Instructions to follow - The material below contains a line with "3PK PHILIPS Avent" and a line with "1. All By Myself". Copy exactly those two lines and all lines between them.

Data -

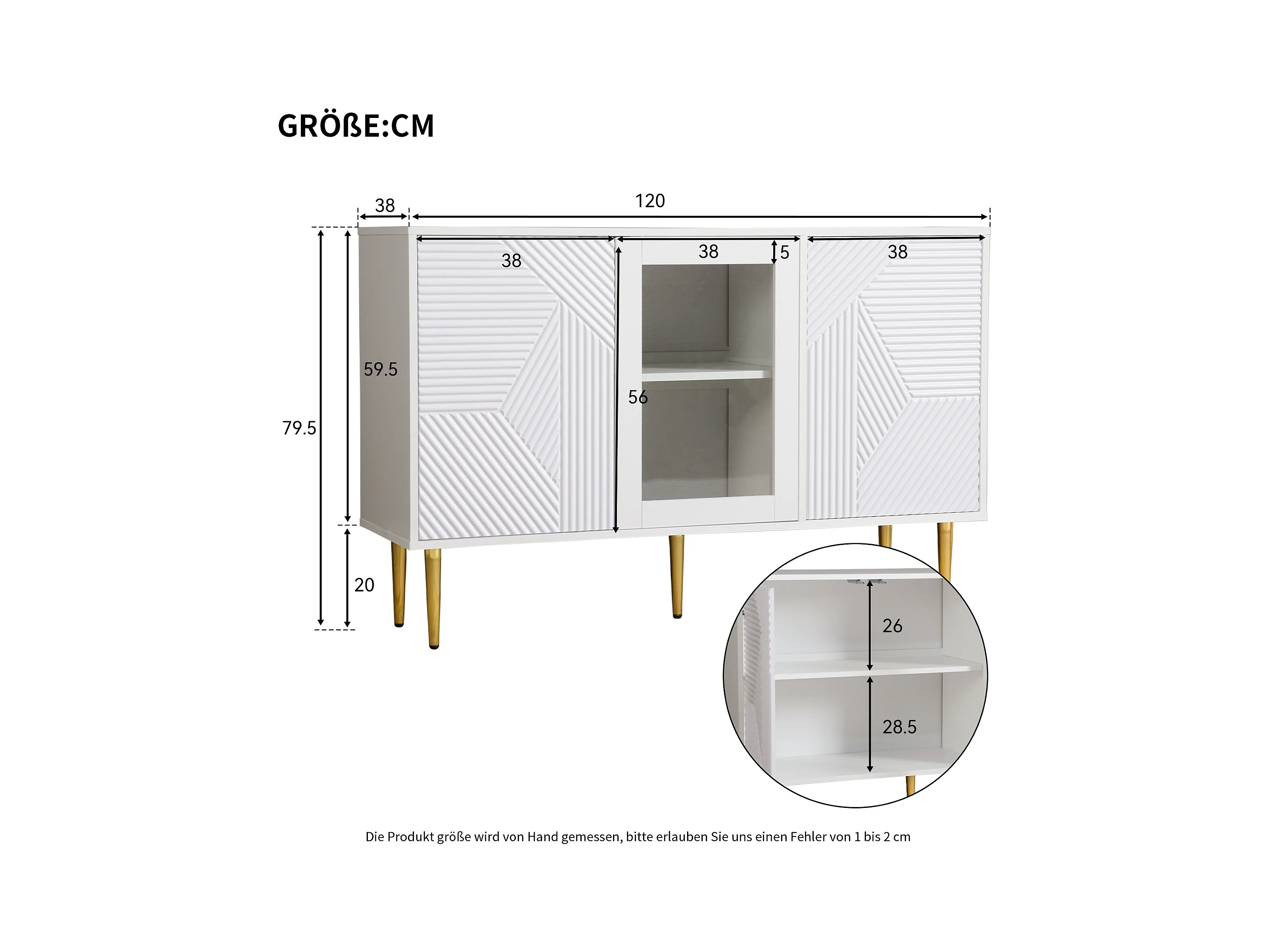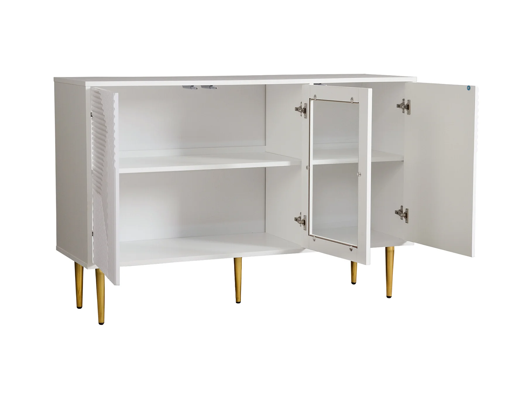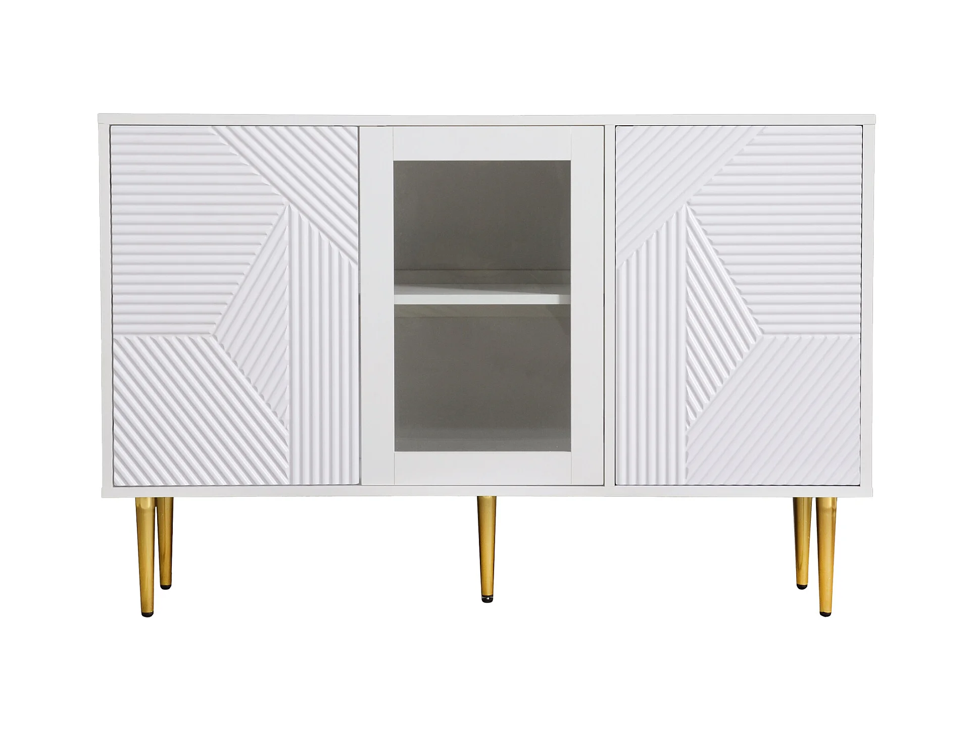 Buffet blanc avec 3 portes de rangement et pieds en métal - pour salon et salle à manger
---
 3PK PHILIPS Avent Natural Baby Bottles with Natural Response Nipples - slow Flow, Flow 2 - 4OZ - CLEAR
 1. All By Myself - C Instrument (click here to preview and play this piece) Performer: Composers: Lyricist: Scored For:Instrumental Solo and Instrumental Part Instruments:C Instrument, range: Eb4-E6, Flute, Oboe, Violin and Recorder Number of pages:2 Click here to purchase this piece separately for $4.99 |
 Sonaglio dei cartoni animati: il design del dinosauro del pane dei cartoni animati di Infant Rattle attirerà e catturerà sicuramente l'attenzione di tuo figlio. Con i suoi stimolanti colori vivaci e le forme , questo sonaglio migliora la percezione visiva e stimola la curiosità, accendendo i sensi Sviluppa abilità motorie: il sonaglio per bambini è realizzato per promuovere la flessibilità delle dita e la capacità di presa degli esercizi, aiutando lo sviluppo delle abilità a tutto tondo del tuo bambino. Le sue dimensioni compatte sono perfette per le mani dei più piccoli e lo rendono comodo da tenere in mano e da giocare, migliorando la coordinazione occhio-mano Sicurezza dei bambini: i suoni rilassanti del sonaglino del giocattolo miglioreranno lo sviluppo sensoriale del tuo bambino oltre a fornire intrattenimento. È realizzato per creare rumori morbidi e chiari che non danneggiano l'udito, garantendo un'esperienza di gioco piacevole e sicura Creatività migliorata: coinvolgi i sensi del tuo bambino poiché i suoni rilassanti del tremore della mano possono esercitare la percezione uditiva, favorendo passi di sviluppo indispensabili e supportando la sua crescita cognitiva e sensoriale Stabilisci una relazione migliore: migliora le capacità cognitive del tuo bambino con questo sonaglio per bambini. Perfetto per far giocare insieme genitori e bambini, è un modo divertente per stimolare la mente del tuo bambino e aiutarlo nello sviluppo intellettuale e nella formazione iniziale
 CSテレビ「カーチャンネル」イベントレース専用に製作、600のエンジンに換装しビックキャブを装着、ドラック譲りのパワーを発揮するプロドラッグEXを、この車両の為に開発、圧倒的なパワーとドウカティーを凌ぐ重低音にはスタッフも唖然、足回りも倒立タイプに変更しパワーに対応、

Your solution -
 3PK PHILIPS Avent Natural Baby Bottles with Natural Response Nipples - slow Flow, Flow 2 - 4OZ - CLEAR
 1. All By Myself - C Instrument (click here to preview and play this piece) Performer: Composers: Lyricist: Scored For:Instrumental Solo and Instrumental Part Instruments:C Instrument, range: Eb4-E6, Flute, Oboe, Violin and Recorder Number of pages:2 Click here to purchase this piece separately for $4.99 |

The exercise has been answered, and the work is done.